As in LD (Martinez et al., 2002), there was only a modest positive correlation between the expression of Fos in ORX neurons and in cells with no ORX labeling, thus the two populations appear to be relatively independent of each other under both LD and DD. The results of Experiments in LD (Martinez et al., 2002) and DD (present experiment) suggest the presence of a group of non-ORX cells in the LHA that is under circadian control, is affected by light, and exhibits a similar pattern of expression of Fos to that seen in ORX neurons, but only in DD. The specific phenotype of these cells remains unknown but may include neurons that express melaning concentrating hormone (MCH). Neurons that express ORX or MCH are differentially regulated by adrenergic inputs to the LHA (Modirrousta, Mainville, & Jones, 2004).
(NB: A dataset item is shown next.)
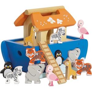 Le Toy Van TV212 - Arca di Noè Gioco Educativo in Legno FSC con 7 Coppie di Animali, Forme ad Incastro e Maniglia per il Trasporto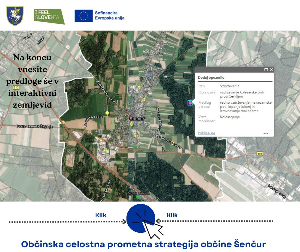 Občina Šenčur pripravlja Občinsko celostno prometno strategijo (OCPS), ki bo podlaga za načrtovanje in izvedbo ukrepov s področja trajnostne mobilnosti v lokalnem okolju. Z vašo pomočjo želimo oblikovati trajnostno prometno strategijo, ki bo naslavljala vse oblike mobilnosti (hojo, kolesarjenje, javni potniški promet in osebna vozila) ter prispevala k izboljšanju kakovosti bivanja.

In grass rats, the circadian control of the ORX system may depend upon direct projections of the SCN to ORX neurons. Studies of SCN efferent projections in grass rats have documented the presence of fibers of SCN origin in the region of the LHA where ORX neurons reside (Schwartz & Smale, 2004), whereas BDA injections in the LSPV and the SCN have confirmed cell soma and fiber-fiber appositions to ORX neurons from both regions (Schwartz & Smale, 2006), which suggests that in grass rats both direct and indirect projection from the SCN are likely to contribute to phase preference.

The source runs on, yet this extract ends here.